- [EXTRACTED RECORDS]:
*** Block opens ***

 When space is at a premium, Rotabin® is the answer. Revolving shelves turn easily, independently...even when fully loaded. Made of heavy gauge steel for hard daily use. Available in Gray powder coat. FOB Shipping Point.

*** Block closes ***
*** Block opens ***

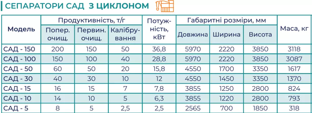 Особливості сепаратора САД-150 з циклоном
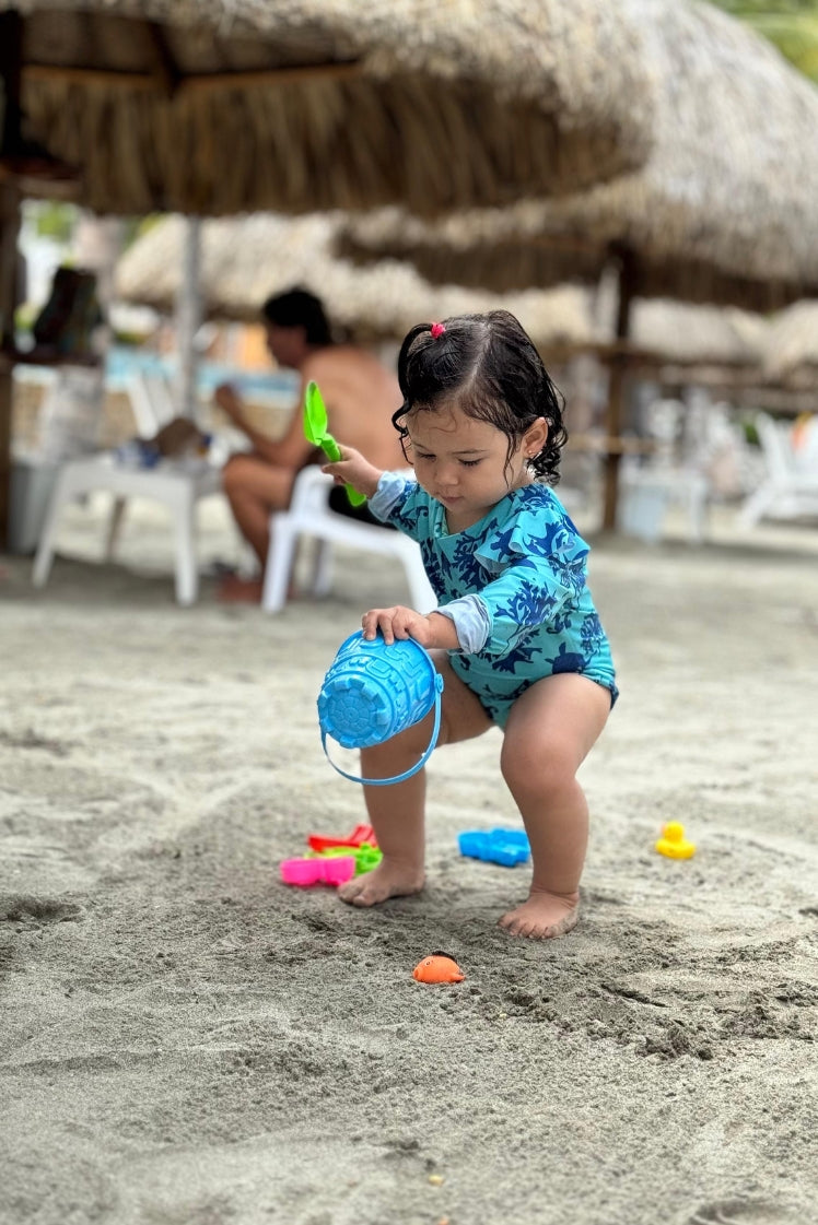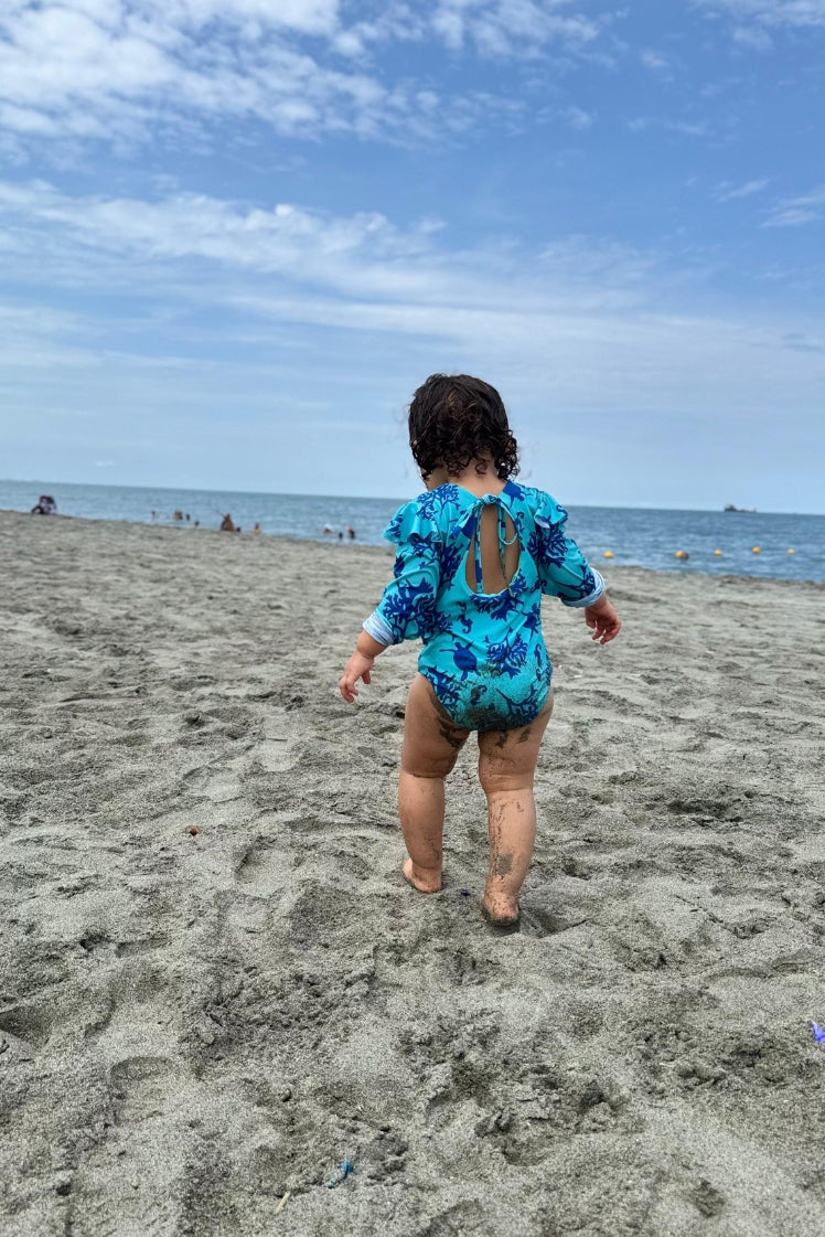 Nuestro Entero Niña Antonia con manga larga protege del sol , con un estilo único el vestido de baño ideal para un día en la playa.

*** Block closes ***
*** Block opens ***

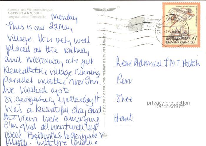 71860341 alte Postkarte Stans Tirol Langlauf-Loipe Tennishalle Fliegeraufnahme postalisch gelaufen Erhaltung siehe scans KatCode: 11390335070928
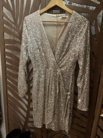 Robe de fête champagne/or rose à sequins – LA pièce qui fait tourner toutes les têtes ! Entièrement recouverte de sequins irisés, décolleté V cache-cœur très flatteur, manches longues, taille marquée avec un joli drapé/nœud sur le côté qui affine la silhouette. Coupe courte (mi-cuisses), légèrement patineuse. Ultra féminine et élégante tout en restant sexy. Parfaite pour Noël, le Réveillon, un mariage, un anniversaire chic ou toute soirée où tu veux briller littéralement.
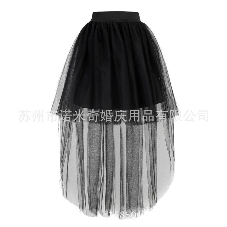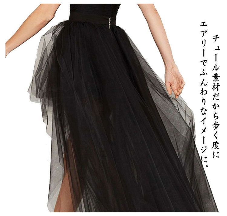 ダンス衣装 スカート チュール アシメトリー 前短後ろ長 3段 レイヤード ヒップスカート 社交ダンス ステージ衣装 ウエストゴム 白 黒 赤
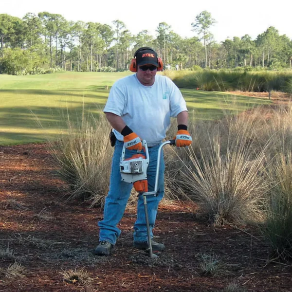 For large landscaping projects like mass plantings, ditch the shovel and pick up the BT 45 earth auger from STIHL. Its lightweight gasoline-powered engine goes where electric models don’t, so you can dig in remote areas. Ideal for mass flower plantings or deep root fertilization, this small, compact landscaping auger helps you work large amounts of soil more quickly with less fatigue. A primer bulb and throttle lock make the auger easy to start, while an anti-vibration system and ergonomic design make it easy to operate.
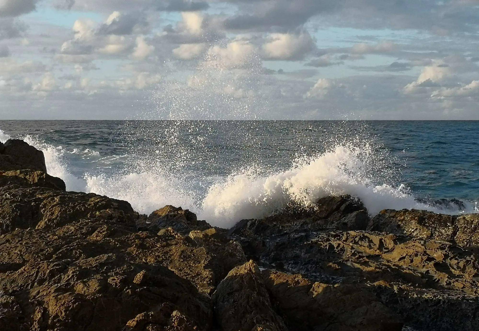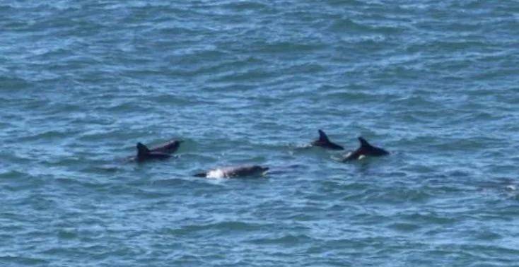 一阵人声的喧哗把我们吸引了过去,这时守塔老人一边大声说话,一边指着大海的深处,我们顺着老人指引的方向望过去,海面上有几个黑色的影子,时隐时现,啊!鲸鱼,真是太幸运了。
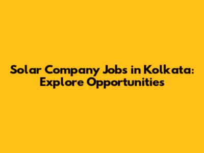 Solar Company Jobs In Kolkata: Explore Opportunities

*** Block closes ***

- [AIM OF THE TASK]: The answer is the lines above from the one with "71860341 alte Postkarte" to the one with "Solar Company Jobs", set down exactly, with no pictures.

- [RESULT FOR THIS EXERCISE]:
 71860341 alte Postkarte Stans Tirol Langlauf-Loipe Tennishalle Fliegeraufnahme postalisch gelaufen Erhaltung siehe scans KatCode: 11390335070928
 Robe de fête champagne/or rose à sequins – LA pièce qui fait tourner toutes les têtes ! Entièrement recouverte de sequins irisés, décolleté V cache-cœur très flatteur, manches longues, taille marquée avec un joli drapé/nœud sur le côté qui affine la silhouette. Coupe courte (mi-cuisses), légèrement patineuse. Ultra féminine et élégante tout en restant sexy. Parfaite pour Noël, le Réveillon, un mariage, un anniversaire chic ou toute soirée où tu veux briller littéralement.
 ダンス衣装 スカート チュール アシメトリー 前短後ろ長 3段 レイヤード ヒップスカート 社交ダンス ステージ衣装 ウエストゴム 白 黒 赤
 For large landscaping projects like mass plantings, ditch the shovel and pick up the BT 45 earth auger from STIHL. Its lightweight gasoline-powered engine goes where electric models don’t, so you can dig in remote areas. Ideal for mass flower plantings or deep root fertilization, this small, compact landscaping auger helps you work large amounts of soil more quickly with less fatigue. A primer bulb and throttle lock make the auger easy to start, while an anti-vibration system and ergonomic design make it easy to operate.
 一阵人声的喧哗把我们吸引了过去,这时守塔老人一边大声说话,一边指着大海的深处,我们顺着老人指引的方向望过去,海面上有几个黑色的影子,时隐时现,啊!鲸鱼,真是太幸运了。
 Solar Company Jobs In Kolkata: Explore Opportunities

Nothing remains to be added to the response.